BEGIN

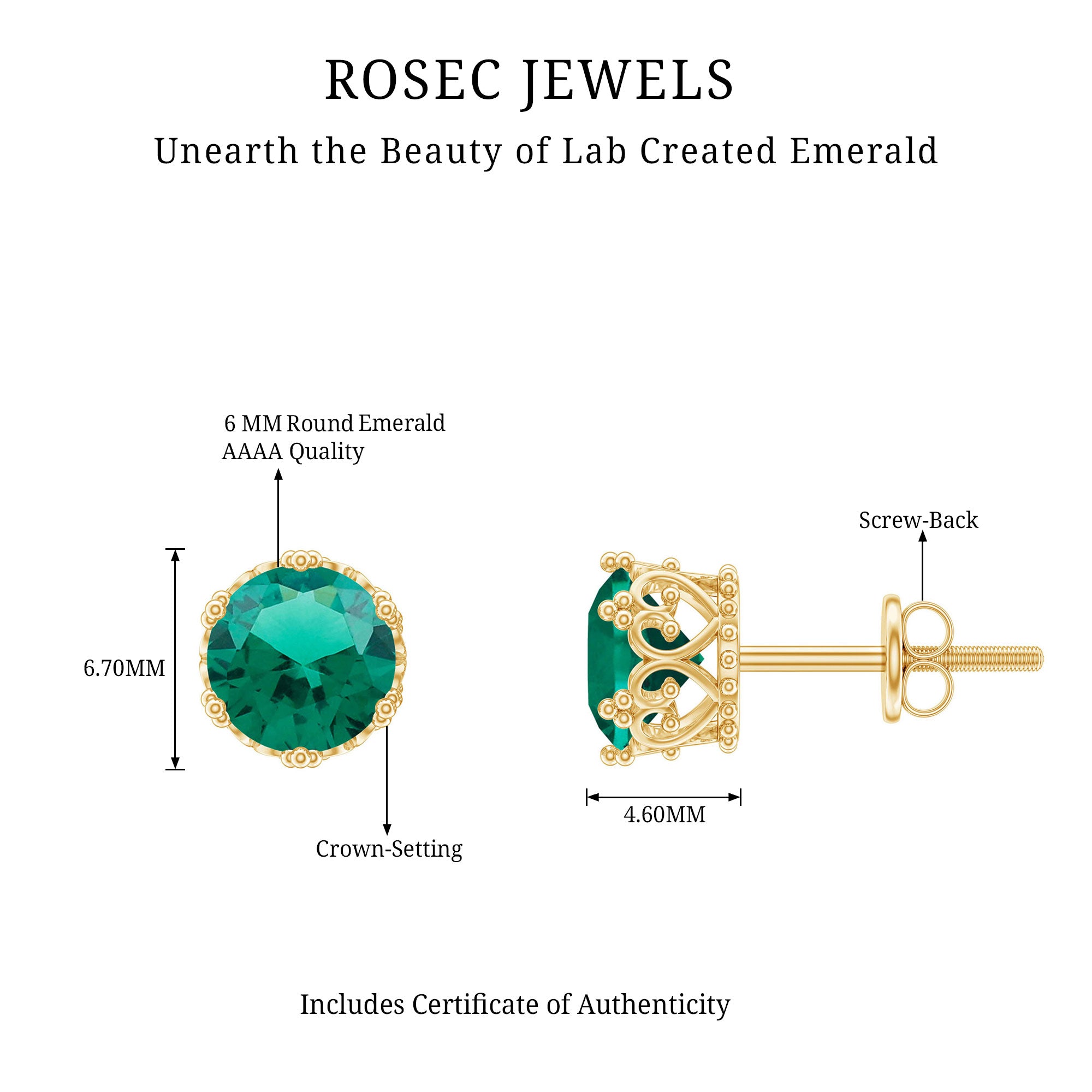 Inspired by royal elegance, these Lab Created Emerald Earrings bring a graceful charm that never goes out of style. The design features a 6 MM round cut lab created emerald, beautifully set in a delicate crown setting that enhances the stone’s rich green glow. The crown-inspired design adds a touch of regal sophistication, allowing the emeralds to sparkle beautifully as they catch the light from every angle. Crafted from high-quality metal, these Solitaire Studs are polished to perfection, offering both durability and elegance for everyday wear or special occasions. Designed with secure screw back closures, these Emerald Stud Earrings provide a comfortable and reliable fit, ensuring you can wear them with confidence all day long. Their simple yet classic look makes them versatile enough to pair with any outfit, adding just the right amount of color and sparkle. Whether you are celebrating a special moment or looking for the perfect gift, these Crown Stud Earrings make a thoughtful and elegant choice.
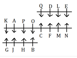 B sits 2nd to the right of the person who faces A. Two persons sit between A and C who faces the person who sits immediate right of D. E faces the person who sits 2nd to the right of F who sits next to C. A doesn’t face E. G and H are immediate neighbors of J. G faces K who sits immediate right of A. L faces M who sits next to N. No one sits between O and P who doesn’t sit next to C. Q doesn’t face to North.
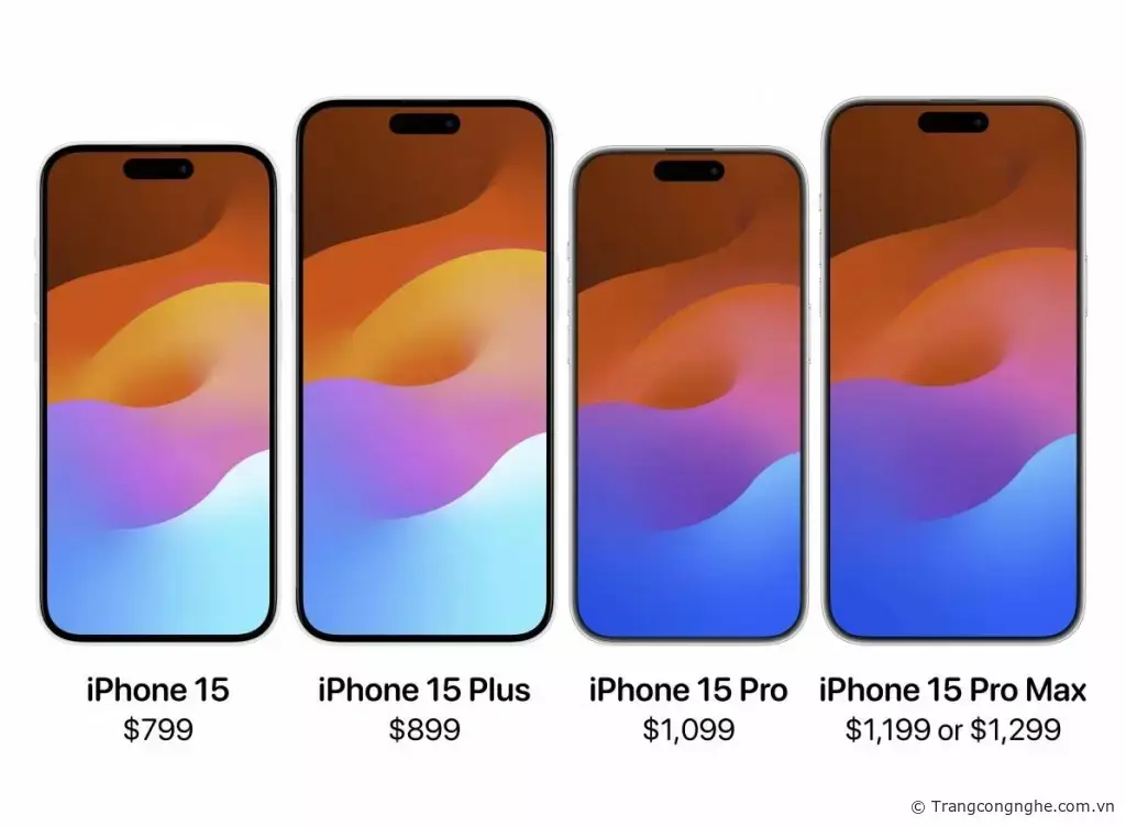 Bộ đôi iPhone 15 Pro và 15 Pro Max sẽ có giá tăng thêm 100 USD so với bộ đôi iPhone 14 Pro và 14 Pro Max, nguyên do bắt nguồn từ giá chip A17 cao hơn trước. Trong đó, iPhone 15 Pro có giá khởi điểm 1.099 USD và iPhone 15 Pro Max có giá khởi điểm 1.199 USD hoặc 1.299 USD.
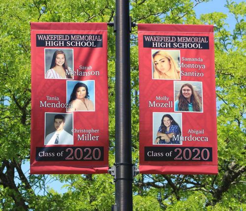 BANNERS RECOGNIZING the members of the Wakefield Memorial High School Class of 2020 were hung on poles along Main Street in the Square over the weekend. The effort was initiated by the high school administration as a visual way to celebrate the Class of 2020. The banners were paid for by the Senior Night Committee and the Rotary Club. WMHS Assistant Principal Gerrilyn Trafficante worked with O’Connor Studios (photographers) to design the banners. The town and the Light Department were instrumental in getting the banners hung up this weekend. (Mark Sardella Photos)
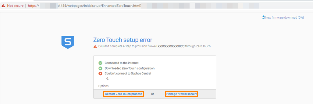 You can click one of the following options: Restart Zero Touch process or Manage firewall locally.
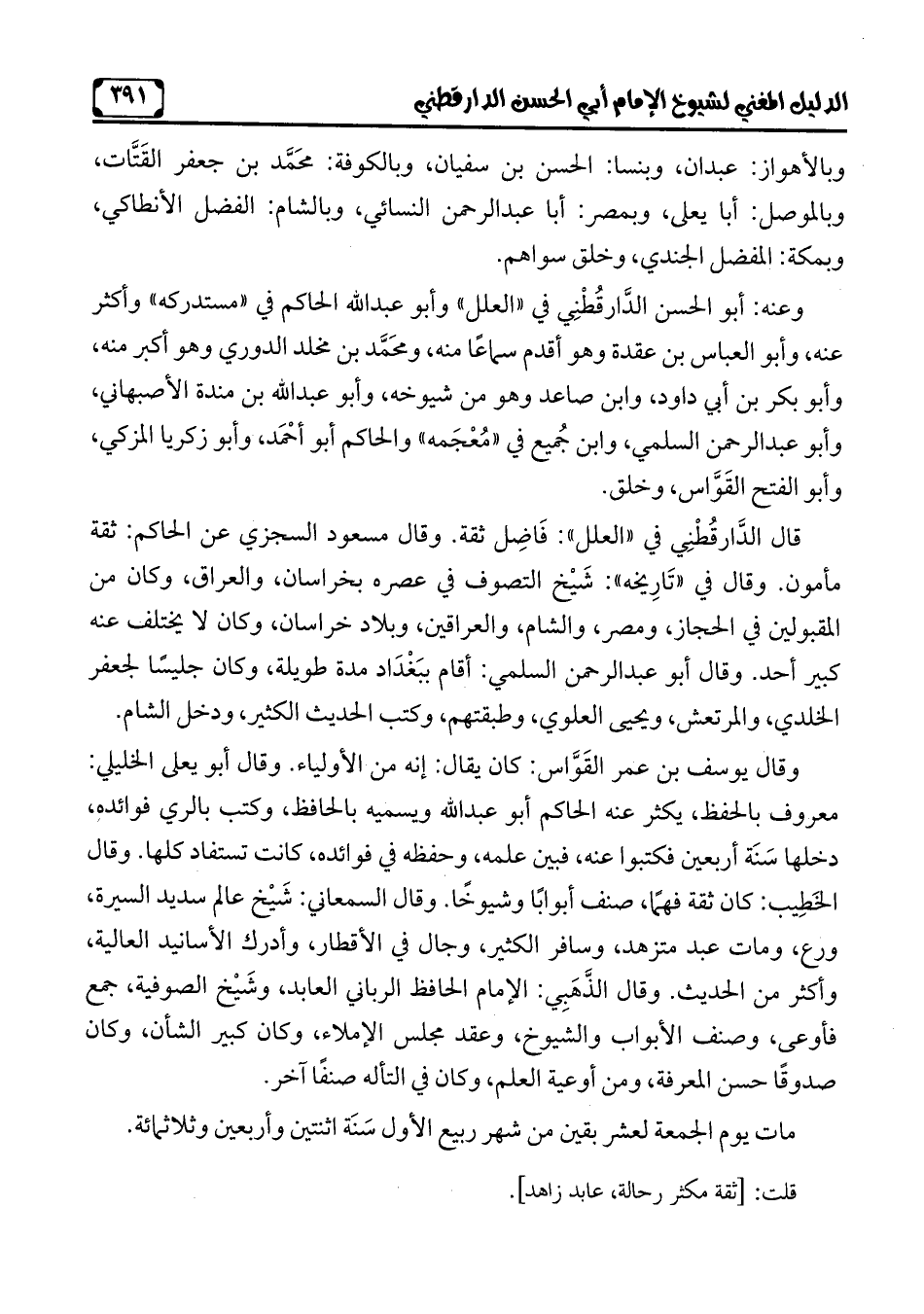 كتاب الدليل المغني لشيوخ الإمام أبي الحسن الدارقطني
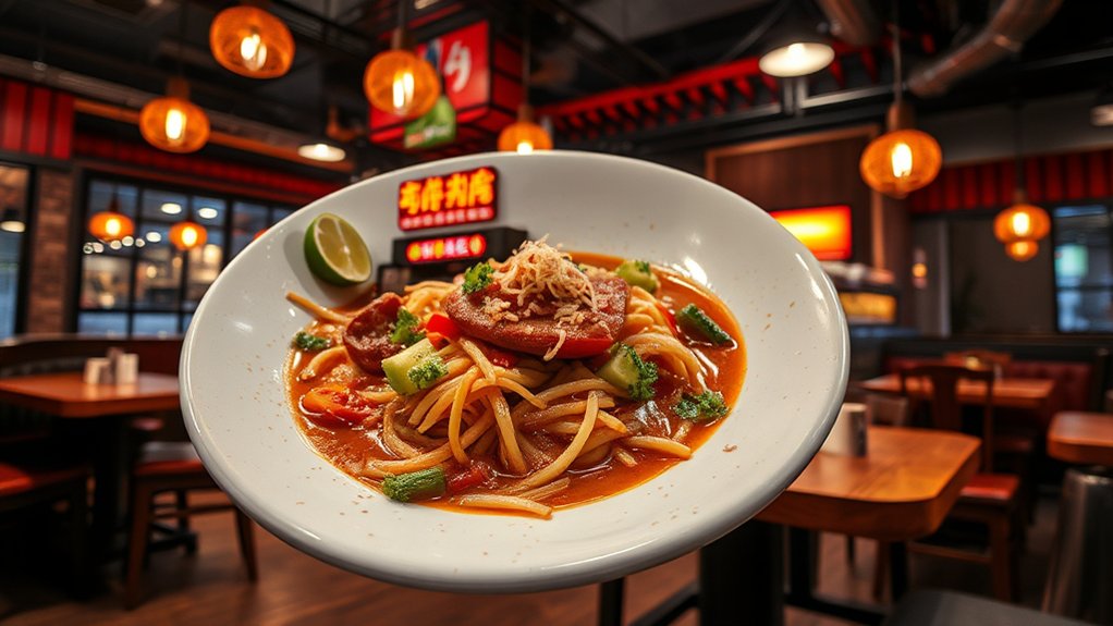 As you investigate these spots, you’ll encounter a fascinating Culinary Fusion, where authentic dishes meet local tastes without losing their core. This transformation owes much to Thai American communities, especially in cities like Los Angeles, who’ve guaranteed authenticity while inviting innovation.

END

Reproduce exactly and only the lines from the one with "BANNERS RECOGNIZING the" through the final line of the records above, inclusive. Pictures must be left out.

[Response for this exercise]:
 BANNERS RECOGNIZING the members of the Wakefield Memorial High School Class of 2020 were hung on poles along Main Street in the Square over the weekend. The effort was initiated by the high school administration as a visual way to celebrate the Class of 2020. The banners were paid for by the Senior Night Committee and the Rotary Club. WMHS Assistant Principal Gerrilyn Trafficante worked with O’Connor Studios (photographers) to design the banners. The town and the Light Department were instrumental in getting the banners hung up this weekend. (Mark Sardella Photos)
 You can click one of the following options: Restart Zero Touch process or Manage firewall locally.
 كتاب الدليل المغني لشيوخ الإمام أبي الحسن الدارقطني
 As you investigate these spots, you’ll encounter a fascinating Culinary Fusion, where authentic dishes meet local tastes without losing their core. This transformation owes much to Thai American communities, especially in cities like Los Angeles, who’ve guaranteed authenticity while inviting innovation.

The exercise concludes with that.